DexGen

Geometric Retargeting

A Principled, Ultrafast Hand Retargeting Algorithm

Zhao-Heng Yin^1,2, Changhao Wang², Luis Pineda², Krishna Bodduluri²,
Tingfan Wu², Pieter Abbeel¹, and Mustafa Mukadam².

¹BAIR, Berkeley EECS and ²FAIR at Meta

Smooth and Expressive Retargeting

Kinematic retargeting is central to teleoperation. Geometric Retargeting, the unsung hero behind our Dexterity Gen, answers a fundamental question: What makes good retargeting?

Retargeting as a Shape Correspondence Problem

Human fingertips and robot fingertips have significantly different ranges of motion, as illustrated in the comparison below. Retargeting presents a challenge in establishing a non-linear shape correspondence—specifically, how can the desired retargeting or correspondence be accurately defined?

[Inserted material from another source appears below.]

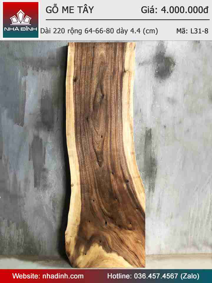 Mặt Bàn Ăn Gỗ Me Tây Nguyên Khối Dài 220 Rộng 64-66-80 Dày 4,4 (cm)

Make Retargeting Principled

We introduce several geometric retargeting principles to optimize human experience: Motion Preservation, Robot Utility Maximization, High Flatness Control, Pinch Correspondence, and Collision Minimization. These principles are independent of each other and form a minimal basis of a good retargeting function.

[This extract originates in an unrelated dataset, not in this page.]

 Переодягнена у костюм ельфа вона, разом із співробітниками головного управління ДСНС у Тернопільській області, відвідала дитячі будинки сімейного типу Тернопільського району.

Explore them in the gallery below.

Principle I: Motion Preservation

When the human fingertip moves in a certain direction, the robot fingertip should do the same.

Principle II: Utility Maximization

The retargeting should be a surjection. Any robot fingertip configuration should be realizable. We implement this as a Chamfer loss.

Principle III: High Flatness Control

The control sensitivity should be nearly uniform everywhere.

Principle IV: Pinch Correspondence

Pinch grasp is a critical event. When a pair of human fingers pinch, the robot hand should replicate the same motion.

Principle V: Collision Minimization

The retargeting function should not lead to collision.

Make Retargeting Fast

We implement our retargeting model as a neural network and we implement principles above as differentiable cost functions to train it, see the figure.
-- It is superfast, across stages: training takes 5-10 minutes; Inference at 1kHz.

GeoRT Understands You Better

GeoRT has high expressiveness and follows human intention well. It can also achieve many useful hand poses for in-hand manipulation easily.

Baseline (Robot Telekinesis / AnyTeleop equivalent)

GeoRT

These advantages give human operators a greater sense of agency, allowing them to maintain better control over grasping.

Conclusion

Retargeting is at the core of human-driven, cross-embodiment robot learning. In our experiments, we notice that even the smallest change in retargeting can make a big difference. We hope that our GeoRT algorithm can inspire new ideas and designs in the future human-in-the-loop learning systems.